During the fiscal fourth quarter, Nutanix’s Annual Contract Value (ACV) billings jumped 10% to $193.2 million.
Product revenues (43.8% of revenues) decreased 16.8% year over year to $168.8 million. Support, entitlements & other services revenues (56.2 % of revenues) grew 15.5% to $216.8 million.
The top line was primarily driven by growth in NTNX’s core hyper-converged infrastructure software and the solid adoption of its new capabilities. Nutanix continues to witness a strong adoption of its hybrid multi-cloud solutions across Fortune 100 and Global 2000 companies.
Subscription revenues (91% of revenues) declined 0.5% from the year-ago quarter’s figure to $350.6 million. However, professional services revenues (6% of revenues) jumped 3.4% to $23.1 million.
Non-Portable Software revenues (3% of revenues) plunged 11.6% year over year to $11.4 million. Hardware revenues (0.1% of revenues) slumped 89.5% to $340 million.
Billings were down 7.3% year over year to $398.1 million. Nutanix’s run-rate ACV grew 17% year over year to $1.8 billion. Annual Recurring Revenues climbed 37% to $1.2 billion.
During the fiscal fourth quarter, Nutanix added 620 customers, taking the total number of clients to 22,600.
During the fiscal fourth quarter, Nutanix’s non-GAAP gross margin contracted 30 basis points year over year to 82.6%.
Non-GAAP operating expenses decreased 4% year over year to $355.8 million.
Balance Sheet & Cash Flow
As of Jul 31, 2022, cash and cash equivalents plus short-term investments were $1.32 billion, up from $1.30 billion at the end of third-quarter fiscal 2022.
During the fourth quarter of fiscal 2022, cash utilized through operating activities was $38 million and free cash flow was $23.2 million. During fiscal 2022, Nutanix generated $67.5 million of cash from operating activities and a free cash flow of $18.5 million.

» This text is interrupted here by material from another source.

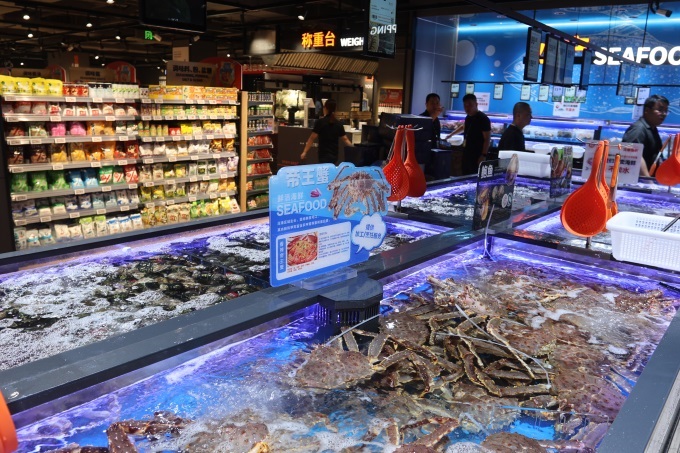 水產(chǎn)類主推佩戴官方溯源蟹扣、保真;畋r的陽澄湖大閘蟹,以及源自挪威純凈深海、確保E+級高品質(zhì)的冰鮮三文魚,為中秋家宴提供上佳之選。
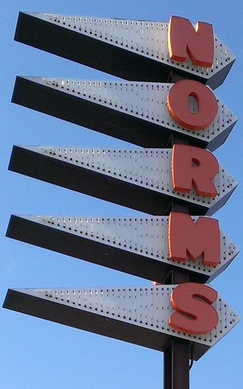 normssignAfter a surprisingly uneventful dentist appointment, I stopped by the original Norm’s for a late lunch. Norm’s has a sign that always shows up in pictures of cool L.A. signs–for good reason, it’s neat–and the building is the quintessential Googie diner.

Nutanix reported revenues of $1.58 billion in full fiscal 2022, up 13% year over year. ACV billings stood at $756.3 million, reflecting a 27% year-over-year rise.
Non-GAAP gross margin expanded 70 basis points to 83%. Non-GAAP operating expenses were $1.40 billion compared with $1.43 billion reported a year ago.
Non-GAAP loss per share was 46 cents compared with a loss of $1.48 per share reported a year ago.
The dollar-based net retention rate (including Life of the Device – non-portable software) was 125% at the end of fiscal 2022. However, the company noted that the ongoing transition to a subscription-based business model led to a decline in the average contract term in fiscal 2022.
For the first quarter of fiscal 2023, Nutanix expects ACV billings between $210 million and $215 million. Revenues are estimated between $410 million and $415 million.
Non-GAAP gross margin is estimated to be approximately 82%. Non-GAAP operating expenses are expected in the range of $360-$365 million.
For the full fiscal 2023, NTNX expects ACV billings between $895 million and $900 million. Revenues are estimated in the range of $1.77-$1.78 billion.
Non-GAAP gross margin is estimated to be 82% for fiscal 2023. Non-GAAP operating expenses are projected in the range of $1.41 billion to $1.42 billion.
How Have Estimates Been Moving Since Then?
In the past month, investors have witnessed an upward trend in estimates review.
The consensus estimate has shifted 16.67% due to these changes.
Currently, Nutanix has a strong Growth Score of A, a grade with the same score on the momentum front. However, the stock was allocated a grade of D on the value side, putting it in the bottom 40% for this investment strategy.
Overall, the stock has an aggregate VGM Score of B. If you aren't focused on one strategy, this score is the one you should be interested in.
Estimates have been broadly trending upward for the stock, and the magnitude of these revisions looks promising. It comes with little surprise Nutanix has a Zacks Rank #2 (Buy). We expect an above average return from the stock in the next few months.